The FAA has signed an agreement with the European Aviation Safety Agency (EASA) and Transport Canada (TCCA) to allow for a more streamlined process as new aviation products are introduced. The agreement eliminates duplicate processes and allows for equipment to be installed into aircraft more quickly, which will save time and money for the industry and regulatory authorities, the FAA said.
As a result of the new agreement, producers of equipment approved under Technical Standard Orders (TSOs) or Supplemental Type Certificates (STCs) will in most cases only have to go through the regulatory process once, whether that process is completed in the U.S., Canada or one of the European countries that fall under EASA’s regulations.
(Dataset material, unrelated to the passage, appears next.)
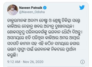 ଶୋକସନ୍ତପ୍ତ ପରିବାରବର୍ଗଙ୍କୁ ଭଗବାନ ଧୈର୍ଯ୍ୟ ଦିଅନ୍ତୁ ।’ ଅସମୟରେ ଝଡି ପଡିଥିବା କାଳିଆର ଅମର ଆତ୍ମାର ସଦଗତି କାମନା କରିବା ସହ ଜଗାର ଉତ୍ତମ ସ୍ୱାସ୍ଥ୍ୟ ପାଇଁ ଭଗବାନଙ୍କ ନିକଟରେ ପ୍ରାର୍ଥନା କରିଛନ୍ତି ମୁଖ୍ୟମନ୍ତ୍ରୀ ନବୀନ ପଟ୍ଟନାୟକ ।

The news came only days before FAA authorization expires, on September 30. In an
effort to keep the FAA operating, house representatives Bill Shuster (R-Pennsylvania) and Paul Ryan (R-Wisconsin) introduced H.R. 3614, which was signed off by the House this weekend. If approved by the Senate, the “Airport and Airway Extension Act of 2015” bill will extend the authorization for the agency to operate until March 31, 2016.
“We hope the Senate will quickly follow suit so we can focus on a longer term FAA reauthorization measure that will deal with more challenging issues, including third-class medical reform,” said Jim Coon, AOPA’s senior vice president of government affairs.